VR: “That’s the first thing I thought of when I read the book and how she put a rift between Joe and the band to control him so she could keep him. Was there a defining moment in the band’s career for you when you thought, ‘Okay, I’ve finally made it?’”
Tom: “You know that’s funny because I really wanted that bad, I wanted that since I was a teenager. I wanted to make it, but I don’t remember a moment when I thought: ‘I’ve reached that goal.’ I’ve just very much kind of enjoyed it as it came along and tried not to find moments that are supposed to be singular moments. It’s all a bunch of little ones. But the first time I heard one of our songs on the radio was a huge one for me. That was a really cool feeling and I knew it was going to come but I wasn’t ready for it. That first album came out and ‘Dream on’ was coming out of that radio and I’m in that car thinking ; ‘Oh my God, there are people all over this city that are hearing this song right this minute.’ That was a real peak.”
VR: “Since you are the “sanest one of all”, are you ever going to write a book about all of this?”
Tom: “You know, I’ve been scribbling stuff, I tend to accumulate stuff and I’m kind of A.D.D. and when I see something that requires a lot of organization, I just kind of veer off into something else [laughs] but I’ve been writing alot and keeping a personal journal about the band for the website for material that I wrote for “Walk This Way” that was used in a certain way but not exactly how I wrote it. But yeah, I’m going to be doing something like that someday but right now music is the thing for me. Whatever I accomplish and show about myself is going to be based on musical goals.”

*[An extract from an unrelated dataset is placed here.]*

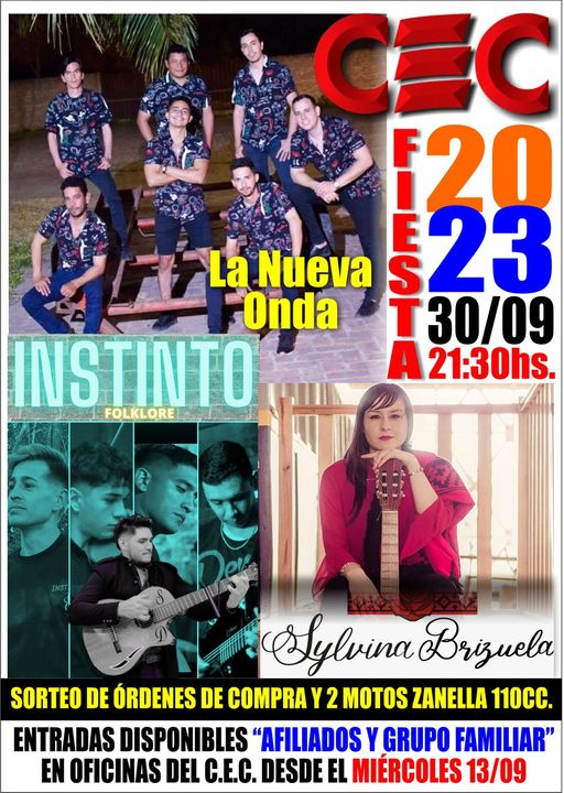 El Sábado 30 de septiembre desde las 21.30 hs, el CEC prepara nuevamente de una noche inolvidable, el mismo se llevará a cabo en el camping del CEC en barrio villa San José , con la presentación de 3 bandas de nuestra ciudad, sorteo de órdenes de compra y 2 MOTOS Zanella ZB 110 cc.

VR: “If AEROSMITH never came to be, what career choice do you think you might have chosen?”
Tom: “I probably would have gone to college and studied drama. Because that’s what I had in mind.”
VR: “Did you want to be an actor?”
Tom: “Yeah.”
VR: “Does it bother you when people refer to AEROSMITH as ‘classic rock’?”
Tom: “Not really because I know that it’s inevitable. If that means people kind of lump us in with bands that have maybe one or two original members but still call themselves the original name, I don’t like that association. But you have the situation… I don’t know if it was brought on by the ‘Guitar Hero’ game but I remember being in this hotel in Alabama sitting out at the pool reading U.S.A. Today and the front page had a story: ‘Why Are Kids Listening To The Music Their Parents Listened To?’ and how it’s not supposed to be like this and it was about all these kids that were seeking out bands from the ‘60s and ‘70s and guitar music. So what happened was, Hip Hop got to the point where it wasn’t the new shocking thing for kids and people in their teens think a lot about differentiating themselves and identifying themselves and so you had a whole bunch of kids that didn’t just want to follow everybody else and be a hip hop fan and they started looking outside that box and what they found was hard rock and guitar music from the late ‘60s and ‘70s. I remember a few years ago, a big influential rock magazine pointing out: ‘Who do these guys think they are? They’re too old to presume to be the voice of a teenage generation’ and I’m like; ‘What the f*&k!’, this over- intellectualization of music… to me, I like music because it feels good. I don’t remember ever looking for music as a way of identifying my personality. I just like the sensual pleasure of music and I think that’s really the truth of everybody. So that’s why you can have a generation that listens to music their parents listen to because you can’t resist the fact that it feels good.”
The voice of a legend tells it best. And one of the greatest ‘Classic Rock’ bands of all time, will be here to rock Las Vegas like only AEROSMITH can when they continue their residency at The Park Theatre!